Golding’s follow-up questions were in regard to Simpson Miller’s earlier answer that the document which facilitated the $31 million contribution from the Dutch oil trader to the PNP was signed by representatives of both Trafigura and CCOC (Colin Campbell Our Candidate) Association.
The prime minister also said that the document was a service agreement, the subject of which was, ostensibly, a consultancy agreement, whereby CCOC Association undertook to do a study of the bauxite industry.
Golding asked the prime minister whether she had been able to ascertain from Senator Campbell, given his association with CCOC Association and given his own ministerial responsibility to the bauxite sector at the time, which representative of CCOC Association signed this document?
The prime minister said, no.
At this point Derrick Smith, the leader of opposition business in the House intervened. “Mr Speaker,” he said, “the prime minister did confirm in one of the answers, I haven’t got a copy of the answers, that there…
Donald Buchanan (minister of information): You getting out of you pants and I going put you back in you pants.
The Speaker: Mr. Buchanan!
Buchanan: Mr Speaker, I apologise most profoundly.
Smith: Thank you, Mr Speaker. In relation to the donation, will the prime minister tell the House, in Jamaican dollars, exactly how much the donation was?
Delroy Chuck (North East St Andrew): Yes, very appropriate question.
(Government members, however, tried to shout down the leader of opposition business).
Smith: You think anybody over there can frighten me? Well, unnu shut up and let me ask the question. Sorry, Mr Speaker. Part two of the question is, in Jamaican dollars, exactly how much was returned?

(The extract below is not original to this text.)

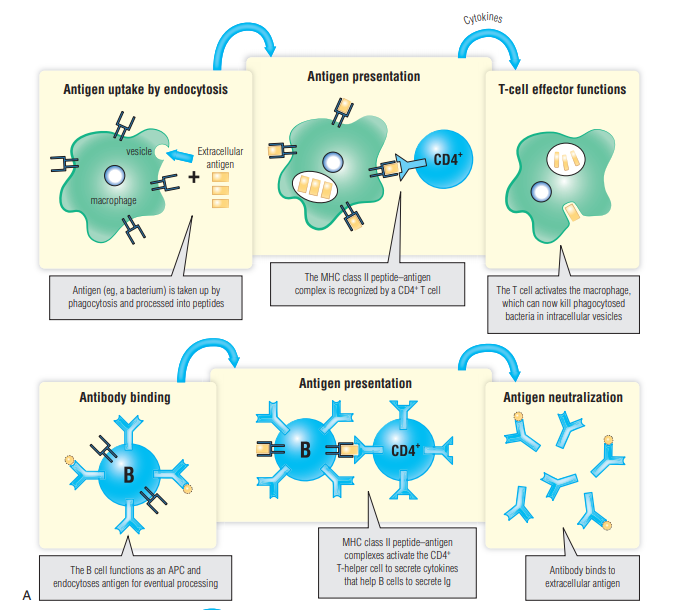 细胞胞浆来源和内体来源的抗原,分别与MHC I类或II类分子相结合,导致不同T细胞亚群的激活(Fig 10.3和TABLE 10.1)。通过MHC II类分子提呈的细胞外抗原可激活CD4+T细胞。CD4+T细胞是辅助性的,例如,CD4+T细胞可通过激活巨噬细胞或刺激B细胞产生抗体来提供帮助(见Fig  10.3A)。在某些情况下,CD4+T细胞为携带抗原的细胞提供帮助。在某些情况下,MHC I类分子/胞内抗原复合物可激活CD8+T细胞,形成可抑制感染的细胞毒性T淋巴细胞。如果不成功,CD8+T细胞将通过诱导细胞凋亡或细胞裂解来杀死靶细胞。
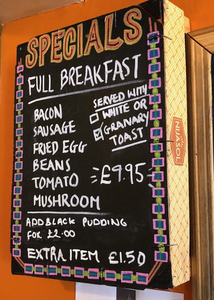 SPECIALS BOARD FEATURING A FULL BREAKFAST

Robert Pickersgill (minister of housing, transport, water & works) to the Opposition members: Don’t talk anything bout short pants, y’know. Whenever your party in power somebody always wear short pants, so shut you mouth.
Simpson Miller: Mr Smith, the $31-million was returned to Trafigura.
Smith: Mr Speaker, the question was in two sections, exactly how much was the original figure, in Jamaican dollars, and how much was returned. I think there was an answer in relation to how much was returned.
Simpson Miller: The amount donated, Mr Speaker, was the amount returned to Trafigura.
Earlier this month, Trafigura said it had received the funds that Simpson Miller had ordered returned on October 8 last year.
Simpson Miller had ordered the money returned after the Government and the PNP came under heavy flak for accepting the funds, given that Trafigura, at the time, was contracted by the Government to lift and sell Nigerian crude for Jamaica on the world oil market.
The $31 million was transferred to a local bank account held by CCOC Association for the PNP.
The ruling party said the money was a donation for electioneering, but Trafigura later claimed that it was payment on a commercial agreement. The scandal resulted in the resignation of then information minister and PNP general-secretary Colin Campbell.